### SUPPLIED MATERIAL ###
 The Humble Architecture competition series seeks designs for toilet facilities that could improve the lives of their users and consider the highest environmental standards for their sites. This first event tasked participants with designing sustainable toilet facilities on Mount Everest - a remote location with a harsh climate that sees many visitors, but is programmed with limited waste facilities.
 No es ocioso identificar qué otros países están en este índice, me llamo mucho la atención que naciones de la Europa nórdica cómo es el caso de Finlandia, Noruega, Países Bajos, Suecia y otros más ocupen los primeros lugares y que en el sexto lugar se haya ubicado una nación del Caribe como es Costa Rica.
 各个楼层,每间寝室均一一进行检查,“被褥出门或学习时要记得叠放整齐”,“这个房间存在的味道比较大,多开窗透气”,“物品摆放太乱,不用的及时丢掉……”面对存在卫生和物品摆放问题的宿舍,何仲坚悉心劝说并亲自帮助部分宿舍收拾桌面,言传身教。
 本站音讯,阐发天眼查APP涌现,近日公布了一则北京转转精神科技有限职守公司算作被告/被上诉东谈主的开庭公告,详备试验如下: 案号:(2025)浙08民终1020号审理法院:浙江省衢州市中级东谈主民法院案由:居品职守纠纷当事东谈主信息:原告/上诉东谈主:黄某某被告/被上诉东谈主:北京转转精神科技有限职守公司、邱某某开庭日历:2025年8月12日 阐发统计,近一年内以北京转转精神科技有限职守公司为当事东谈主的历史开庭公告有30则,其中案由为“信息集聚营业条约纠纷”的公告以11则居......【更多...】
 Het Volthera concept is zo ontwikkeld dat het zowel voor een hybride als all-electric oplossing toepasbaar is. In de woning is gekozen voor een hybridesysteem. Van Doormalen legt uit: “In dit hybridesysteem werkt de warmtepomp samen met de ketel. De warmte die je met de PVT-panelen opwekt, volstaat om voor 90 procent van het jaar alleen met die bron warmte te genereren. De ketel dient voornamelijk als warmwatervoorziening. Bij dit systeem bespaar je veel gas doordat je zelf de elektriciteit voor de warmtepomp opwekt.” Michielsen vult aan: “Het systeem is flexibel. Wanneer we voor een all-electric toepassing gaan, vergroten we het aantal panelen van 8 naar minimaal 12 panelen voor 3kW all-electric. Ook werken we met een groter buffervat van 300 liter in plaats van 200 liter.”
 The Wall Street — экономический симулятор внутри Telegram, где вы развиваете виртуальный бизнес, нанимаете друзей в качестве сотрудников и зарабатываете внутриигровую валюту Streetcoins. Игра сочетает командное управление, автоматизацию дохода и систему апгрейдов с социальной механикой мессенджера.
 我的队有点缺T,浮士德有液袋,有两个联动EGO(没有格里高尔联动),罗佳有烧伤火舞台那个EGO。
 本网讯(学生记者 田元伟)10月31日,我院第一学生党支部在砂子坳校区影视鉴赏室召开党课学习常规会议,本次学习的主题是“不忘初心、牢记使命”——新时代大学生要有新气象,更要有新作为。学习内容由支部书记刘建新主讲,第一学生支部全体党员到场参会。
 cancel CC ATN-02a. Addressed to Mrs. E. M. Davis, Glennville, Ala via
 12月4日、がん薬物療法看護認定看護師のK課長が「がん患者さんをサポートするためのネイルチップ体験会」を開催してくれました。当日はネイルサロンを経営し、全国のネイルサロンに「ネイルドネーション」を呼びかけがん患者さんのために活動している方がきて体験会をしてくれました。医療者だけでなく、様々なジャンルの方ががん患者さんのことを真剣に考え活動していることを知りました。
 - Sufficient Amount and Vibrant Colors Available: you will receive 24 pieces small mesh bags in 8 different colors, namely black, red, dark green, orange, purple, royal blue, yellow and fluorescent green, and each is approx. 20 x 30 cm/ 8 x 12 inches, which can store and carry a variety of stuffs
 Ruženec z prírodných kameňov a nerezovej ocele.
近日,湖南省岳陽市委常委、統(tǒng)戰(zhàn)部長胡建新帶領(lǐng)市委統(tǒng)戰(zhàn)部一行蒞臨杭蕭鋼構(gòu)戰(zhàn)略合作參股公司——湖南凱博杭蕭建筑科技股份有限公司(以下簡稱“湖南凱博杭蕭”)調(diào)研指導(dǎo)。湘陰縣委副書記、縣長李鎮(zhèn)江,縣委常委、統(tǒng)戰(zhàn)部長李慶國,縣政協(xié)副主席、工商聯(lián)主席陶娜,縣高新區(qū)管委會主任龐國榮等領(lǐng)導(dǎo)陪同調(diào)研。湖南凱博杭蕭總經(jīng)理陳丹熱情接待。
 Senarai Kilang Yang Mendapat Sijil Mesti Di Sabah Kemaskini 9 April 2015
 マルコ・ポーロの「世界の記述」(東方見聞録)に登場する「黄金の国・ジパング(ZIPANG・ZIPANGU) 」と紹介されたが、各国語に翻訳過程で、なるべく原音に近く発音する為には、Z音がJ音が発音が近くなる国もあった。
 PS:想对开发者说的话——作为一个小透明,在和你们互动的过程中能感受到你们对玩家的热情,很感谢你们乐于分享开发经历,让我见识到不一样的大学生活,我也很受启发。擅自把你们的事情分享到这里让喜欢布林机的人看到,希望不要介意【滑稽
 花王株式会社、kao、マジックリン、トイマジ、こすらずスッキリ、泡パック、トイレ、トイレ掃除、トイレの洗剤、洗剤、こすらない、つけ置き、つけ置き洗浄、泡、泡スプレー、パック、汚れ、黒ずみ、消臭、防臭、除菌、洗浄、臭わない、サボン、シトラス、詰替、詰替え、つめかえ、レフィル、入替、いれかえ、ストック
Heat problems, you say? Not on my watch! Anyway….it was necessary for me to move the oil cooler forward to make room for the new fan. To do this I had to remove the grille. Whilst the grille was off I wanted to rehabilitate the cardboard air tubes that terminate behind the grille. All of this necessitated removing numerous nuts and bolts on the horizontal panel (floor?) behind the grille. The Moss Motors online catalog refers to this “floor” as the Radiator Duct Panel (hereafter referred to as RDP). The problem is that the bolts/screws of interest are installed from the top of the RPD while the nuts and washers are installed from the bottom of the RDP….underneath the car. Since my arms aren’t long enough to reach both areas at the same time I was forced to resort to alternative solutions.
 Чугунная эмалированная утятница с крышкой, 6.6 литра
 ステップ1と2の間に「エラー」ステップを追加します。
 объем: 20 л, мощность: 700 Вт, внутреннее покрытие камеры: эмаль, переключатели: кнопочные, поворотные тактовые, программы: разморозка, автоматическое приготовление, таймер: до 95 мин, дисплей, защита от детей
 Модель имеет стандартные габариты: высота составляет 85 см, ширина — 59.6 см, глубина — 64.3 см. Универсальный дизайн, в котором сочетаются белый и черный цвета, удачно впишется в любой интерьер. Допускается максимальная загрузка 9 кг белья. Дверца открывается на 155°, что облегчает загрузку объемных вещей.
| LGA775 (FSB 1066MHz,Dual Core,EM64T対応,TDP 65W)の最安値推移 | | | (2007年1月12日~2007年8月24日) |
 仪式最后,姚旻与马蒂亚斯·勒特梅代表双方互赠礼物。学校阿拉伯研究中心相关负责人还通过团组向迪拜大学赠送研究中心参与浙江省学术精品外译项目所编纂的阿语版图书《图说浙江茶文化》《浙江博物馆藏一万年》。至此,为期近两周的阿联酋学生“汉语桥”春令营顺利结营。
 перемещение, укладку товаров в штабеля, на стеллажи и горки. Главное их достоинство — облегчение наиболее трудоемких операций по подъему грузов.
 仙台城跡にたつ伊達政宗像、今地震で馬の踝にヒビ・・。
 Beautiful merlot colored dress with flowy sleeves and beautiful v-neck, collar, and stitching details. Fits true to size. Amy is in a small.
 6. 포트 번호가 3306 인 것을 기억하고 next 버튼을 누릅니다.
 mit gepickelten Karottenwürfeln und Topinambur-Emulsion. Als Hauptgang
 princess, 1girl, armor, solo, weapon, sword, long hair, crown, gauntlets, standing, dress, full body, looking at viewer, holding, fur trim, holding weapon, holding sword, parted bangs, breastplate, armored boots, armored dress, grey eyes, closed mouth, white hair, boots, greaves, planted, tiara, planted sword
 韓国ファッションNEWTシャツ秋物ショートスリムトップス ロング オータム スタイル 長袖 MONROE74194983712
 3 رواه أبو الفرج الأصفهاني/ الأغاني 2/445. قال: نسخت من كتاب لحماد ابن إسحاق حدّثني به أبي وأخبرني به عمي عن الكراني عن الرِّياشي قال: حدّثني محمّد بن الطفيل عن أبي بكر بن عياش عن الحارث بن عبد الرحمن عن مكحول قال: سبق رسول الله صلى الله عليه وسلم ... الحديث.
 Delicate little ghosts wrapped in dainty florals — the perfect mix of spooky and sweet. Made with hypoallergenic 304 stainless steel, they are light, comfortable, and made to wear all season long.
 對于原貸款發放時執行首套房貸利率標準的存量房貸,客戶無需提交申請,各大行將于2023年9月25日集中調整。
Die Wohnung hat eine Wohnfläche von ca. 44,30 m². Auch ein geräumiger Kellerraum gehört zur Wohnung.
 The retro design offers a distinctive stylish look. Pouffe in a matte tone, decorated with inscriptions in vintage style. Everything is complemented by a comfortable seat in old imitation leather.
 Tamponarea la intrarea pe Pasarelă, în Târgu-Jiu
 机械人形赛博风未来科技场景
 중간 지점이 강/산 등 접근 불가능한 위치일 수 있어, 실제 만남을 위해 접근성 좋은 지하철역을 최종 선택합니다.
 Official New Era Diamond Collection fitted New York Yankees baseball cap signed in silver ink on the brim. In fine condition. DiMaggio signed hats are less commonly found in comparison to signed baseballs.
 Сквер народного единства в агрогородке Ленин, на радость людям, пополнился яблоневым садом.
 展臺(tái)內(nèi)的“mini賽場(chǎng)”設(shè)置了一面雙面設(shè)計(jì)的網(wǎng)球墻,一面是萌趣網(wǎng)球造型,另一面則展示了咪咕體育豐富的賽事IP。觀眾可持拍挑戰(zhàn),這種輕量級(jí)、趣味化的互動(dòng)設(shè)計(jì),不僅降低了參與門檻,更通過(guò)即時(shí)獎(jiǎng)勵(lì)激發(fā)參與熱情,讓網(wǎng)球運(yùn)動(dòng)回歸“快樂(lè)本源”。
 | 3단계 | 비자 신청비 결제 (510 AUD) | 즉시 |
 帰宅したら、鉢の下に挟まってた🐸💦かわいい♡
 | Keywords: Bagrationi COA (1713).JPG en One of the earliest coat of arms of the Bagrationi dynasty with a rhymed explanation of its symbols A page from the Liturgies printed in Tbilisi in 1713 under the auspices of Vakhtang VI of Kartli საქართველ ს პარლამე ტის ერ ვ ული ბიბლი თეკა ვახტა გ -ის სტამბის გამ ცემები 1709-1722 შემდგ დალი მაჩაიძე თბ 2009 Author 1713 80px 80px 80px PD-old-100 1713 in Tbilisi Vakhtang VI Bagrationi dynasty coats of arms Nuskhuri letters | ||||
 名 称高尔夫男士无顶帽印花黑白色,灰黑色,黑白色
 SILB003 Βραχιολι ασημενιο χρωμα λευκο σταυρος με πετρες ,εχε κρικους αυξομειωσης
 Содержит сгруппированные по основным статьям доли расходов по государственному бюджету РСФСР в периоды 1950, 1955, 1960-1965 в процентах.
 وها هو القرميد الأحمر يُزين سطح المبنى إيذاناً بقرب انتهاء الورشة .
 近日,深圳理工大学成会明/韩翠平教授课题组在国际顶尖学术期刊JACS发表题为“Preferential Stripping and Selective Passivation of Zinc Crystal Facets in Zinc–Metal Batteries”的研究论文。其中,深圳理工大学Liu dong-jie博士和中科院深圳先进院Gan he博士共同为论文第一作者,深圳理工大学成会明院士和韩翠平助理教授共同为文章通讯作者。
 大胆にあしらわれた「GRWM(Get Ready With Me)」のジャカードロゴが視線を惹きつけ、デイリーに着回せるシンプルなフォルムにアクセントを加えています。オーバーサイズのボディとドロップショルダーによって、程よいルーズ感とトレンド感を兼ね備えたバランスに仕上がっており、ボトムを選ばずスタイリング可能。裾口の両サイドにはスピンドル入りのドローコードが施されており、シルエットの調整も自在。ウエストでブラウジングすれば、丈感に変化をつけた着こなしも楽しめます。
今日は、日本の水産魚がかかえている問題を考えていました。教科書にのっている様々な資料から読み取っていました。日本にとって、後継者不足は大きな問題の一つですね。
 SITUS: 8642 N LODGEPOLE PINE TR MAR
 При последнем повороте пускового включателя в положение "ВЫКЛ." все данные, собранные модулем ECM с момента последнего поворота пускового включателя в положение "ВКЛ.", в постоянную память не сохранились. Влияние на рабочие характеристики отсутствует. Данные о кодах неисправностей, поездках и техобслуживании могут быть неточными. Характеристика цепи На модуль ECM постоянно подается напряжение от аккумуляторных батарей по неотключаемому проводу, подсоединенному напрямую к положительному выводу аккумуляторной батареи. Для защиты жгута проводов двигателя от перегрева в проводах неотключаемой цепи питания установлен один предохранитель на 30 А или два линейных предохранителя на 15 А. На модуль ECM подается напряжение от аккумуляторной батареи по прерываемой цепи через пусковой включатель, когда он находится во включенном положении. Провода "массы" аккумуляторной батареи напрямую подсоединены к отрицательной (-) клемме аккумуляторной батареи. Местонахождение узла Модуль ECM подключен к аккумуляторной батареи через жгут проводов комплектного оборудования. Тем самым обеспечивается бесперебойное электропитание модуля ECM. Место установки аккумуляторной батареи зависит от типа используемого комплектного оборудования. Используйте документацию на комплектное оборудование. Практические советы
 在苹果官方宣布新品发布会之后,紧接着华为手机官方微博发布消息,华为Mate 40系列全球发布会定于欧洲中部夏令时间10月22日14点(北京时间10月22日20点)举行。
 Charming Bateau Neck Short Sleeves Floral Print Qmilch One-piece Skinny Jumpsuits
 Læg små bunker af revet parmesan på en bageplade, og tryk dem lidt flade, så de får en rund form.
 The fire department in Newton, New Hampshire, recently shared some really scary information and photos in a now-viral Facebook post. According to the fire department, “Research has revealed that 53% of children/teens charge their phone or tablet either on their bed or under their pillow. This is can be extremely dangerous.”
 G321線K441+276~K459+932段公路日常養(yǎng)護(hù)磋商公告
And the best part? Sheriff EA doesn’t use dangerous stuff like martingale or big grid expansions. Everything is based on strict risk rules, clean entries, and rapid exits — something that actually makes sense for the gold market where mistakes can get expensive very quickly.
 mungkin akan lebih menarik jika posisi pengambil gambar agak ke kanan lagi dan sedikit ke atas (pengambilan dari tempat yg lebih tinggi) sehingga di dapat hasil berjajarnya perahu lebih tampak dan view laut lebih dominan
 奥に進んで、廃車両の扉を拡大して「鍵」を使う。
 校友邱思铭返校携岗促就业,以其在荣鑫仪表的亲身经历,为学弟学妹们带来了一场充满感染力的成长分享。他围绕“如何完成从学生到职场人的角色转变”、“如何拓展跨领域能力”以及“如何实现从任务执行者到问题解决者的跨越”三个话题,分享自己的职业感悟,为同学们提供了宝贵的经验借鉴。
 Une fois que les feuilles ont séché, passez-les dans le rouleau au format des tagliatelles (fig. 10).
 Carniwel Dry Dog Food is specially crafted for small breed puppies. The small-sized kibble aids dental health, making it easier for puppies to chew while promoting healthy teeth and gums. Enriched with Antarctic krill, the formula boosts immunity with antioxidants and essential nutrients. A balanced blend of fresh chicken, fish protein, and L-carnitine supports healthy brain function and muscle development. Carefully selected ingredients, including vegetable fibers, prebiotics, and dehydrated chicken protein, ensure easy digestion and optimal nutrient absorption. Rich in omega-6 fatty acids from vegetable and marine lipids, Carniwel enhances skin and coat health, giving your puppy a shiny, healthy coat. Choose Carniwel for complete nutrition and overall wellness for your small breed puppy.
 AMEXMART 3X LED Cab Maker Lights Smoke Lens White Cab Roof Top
###
**TASK DETAILS:**
Transcribe the records above from the line holding "仪式最后,姚旻与马蒂亚斯·勒" down to the line holding "mit gepickelten Karottenwürfeln", inclusive, without adding anything.

**ANSWER AREA:**
 仪式最后,姚旻与马蒂亚斯·勒特梅代表双方互赠礼物。学校阿拉伯研究中心相关负责人还通过团组向迪拜大学赠送研究中心参与浙江省学术精品外译项目所编纂的阿语版图书《图说浙江茶文化》《浙江博物馆藏一万年》。至此,为期近两周的阿联酋学生“汉语桥”春令营顺利结营。
 перемещение, укладку товаров в штабеля, на стеллажи и горки. Главное их достоинство — облегчение наиболее трудоемких операций по подъему грузов.
 仙台城跡にたつ伊達政宗像、今地震で馬の踝にヒビ・・。
 Beautiful merlot colored dress with flowy sleeves and beautiful v-neck, collar, and stitching details. Fits true to size. Amy is in a small.
 6. 포트 번호가 3306 인 것을 기억하고 next 버튼을 누릅니다.
 mit gepickelten Karottenwürfeln und Topinambur-Emulsion. Als Hauptgang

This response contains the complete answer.